This amended exemption follows a lengthy public notice and comment
process, which gave interested persons an extensive opportunity to
comment on the proposed Regulation and exemption proposals. The
proposals initially provided for 75-day comment periods, ending on July
6, 2015 but the Department extended the comment periods to July 21,
2015. The Department then held four days of public hearings on the new
regulatory package, including the proposed exemptions, in Washington,
DC from August 10 to 13, 2015, at which over 75 speakers testified. The
transcript of the hearing was made available on September 8, 2015, and
the Department provided additional opportunity for interested persons
to comment on the proposals or hearing transcript until September 24,
2015. A total of over 3000 comment letters were received on the new
proposals. There were also over 300,000 submissions made as part of 30
separate petitions submitted on the proposal.
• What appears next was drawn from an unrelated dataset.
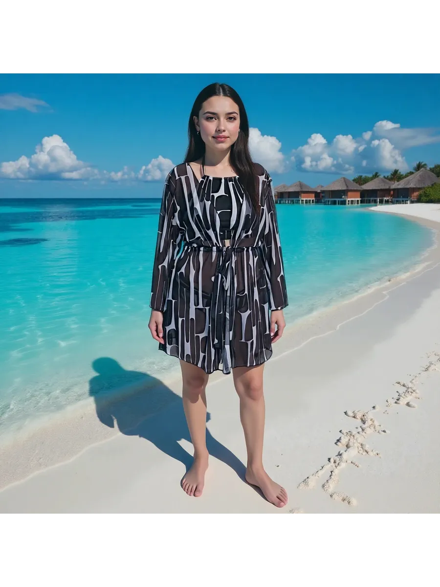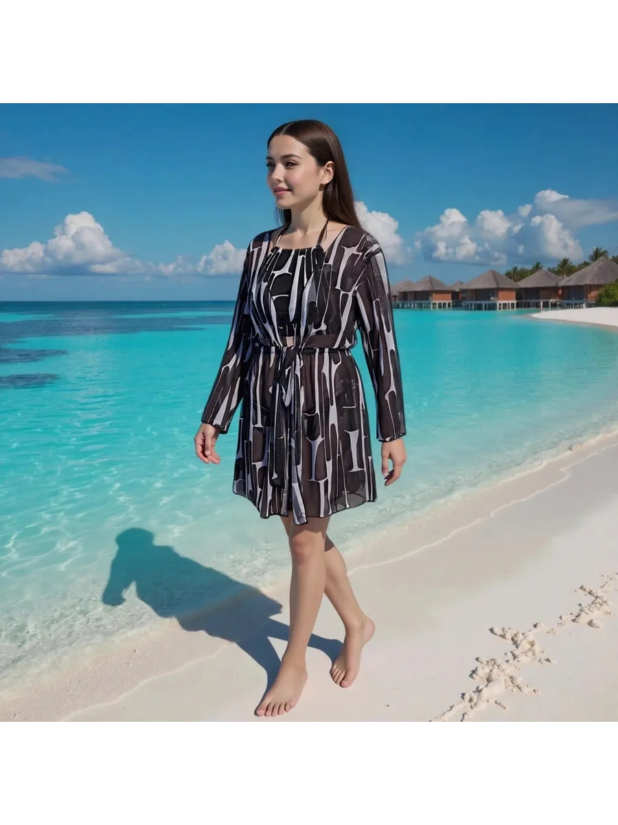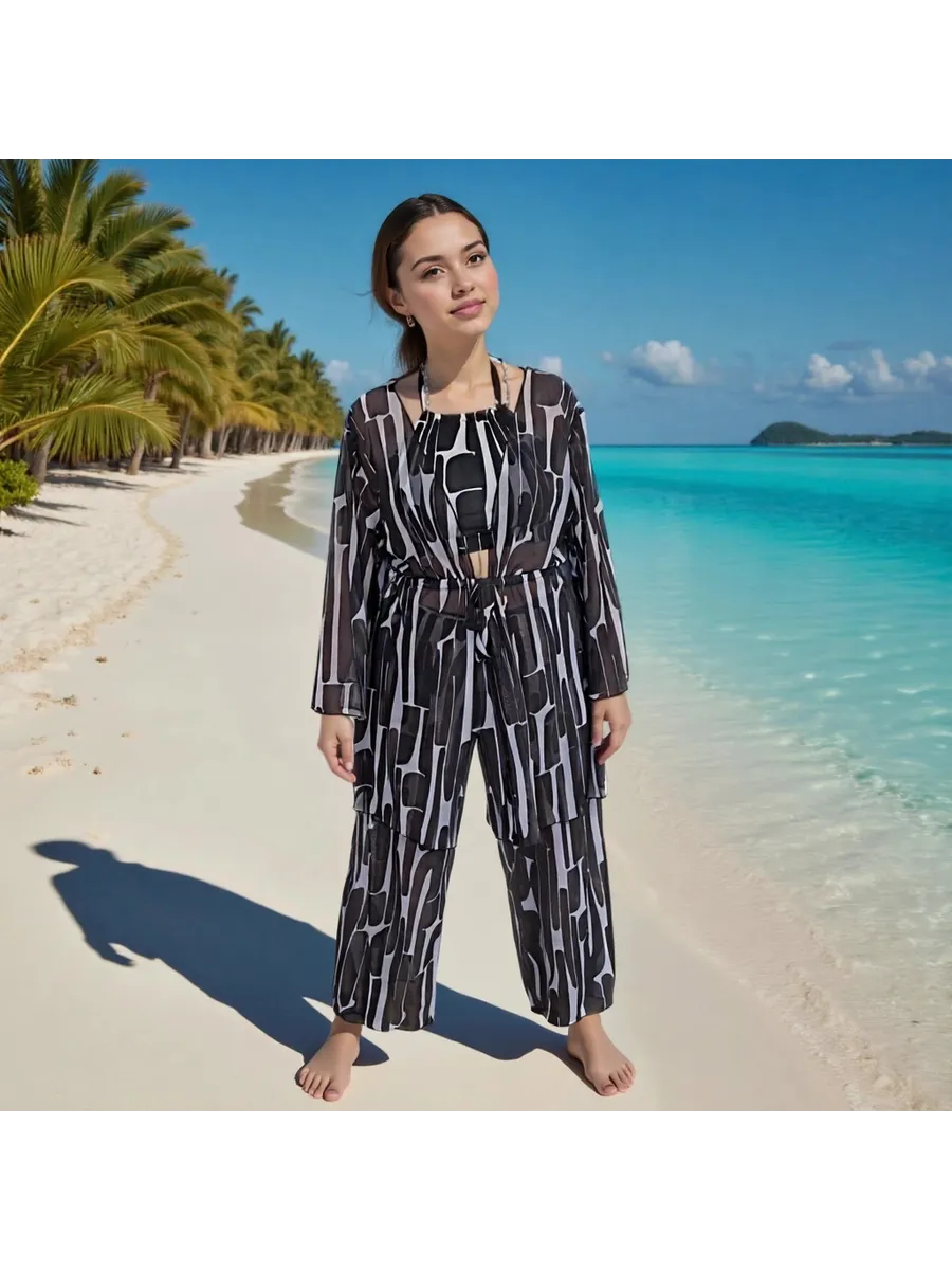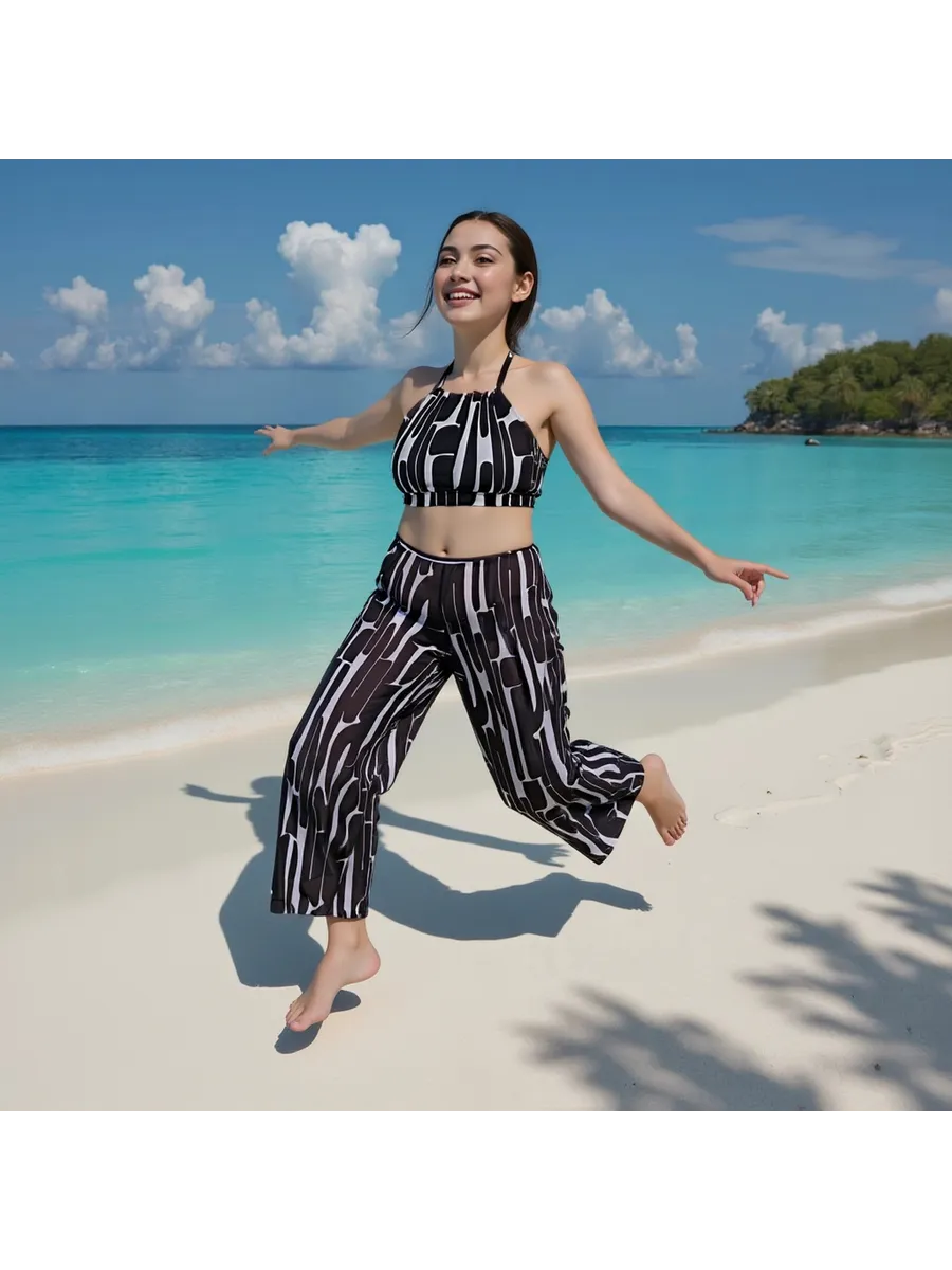 Купальный комплект 4 в 1: лиф, классические плавки, парео и пляжные брюки (палаццо). Модель сочетает комфорт и современный внешний вид — стильный купальник, который легко адаптируется под разные образы.
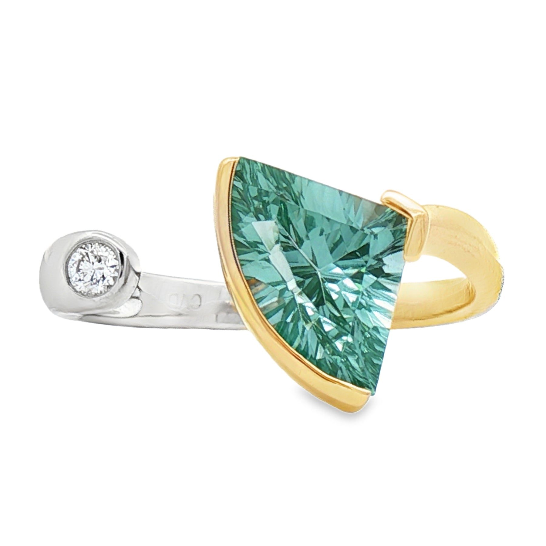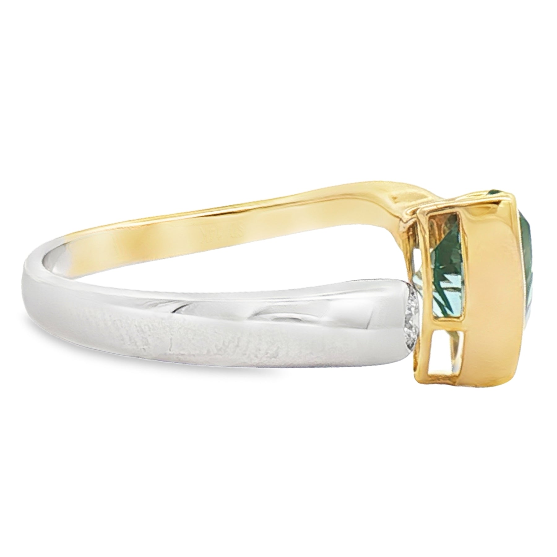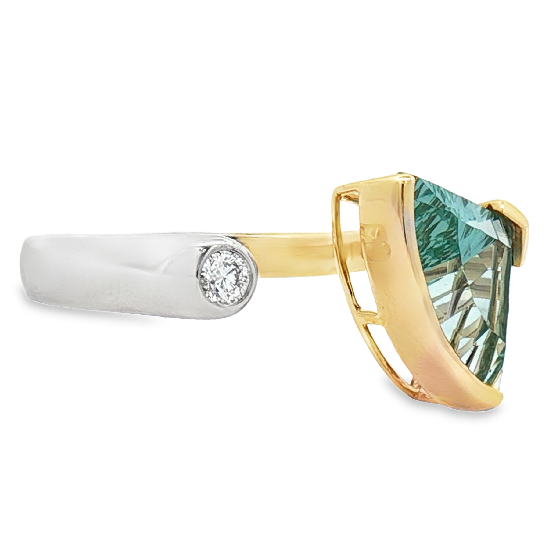 Crafted in 14K yellow and white gold, this striking ring features a 2.8 carat green sapphire accented by .06 carats total weight of diamonds. The bold trillion-cut center stone is framed in yellow gold, while a white gold diamond accent adds contrast and sparkle. Ring size 8.25.

These comments and
petitions came from consumer groups, plan sponsors, financial services
companies, academics, elected government officials, trade and industry
associations, and others, both in support and in opposition to the
rule.\13\ The Department has reviewed all comments, and after careful
consideration of the comments, has decided to grant the amendment to
PTE 75-1, Part V, as described herein. For the sake of convenience, the
entire text of PTE 75-1, Part V, as amended, has been reprinted at the
end of this notice.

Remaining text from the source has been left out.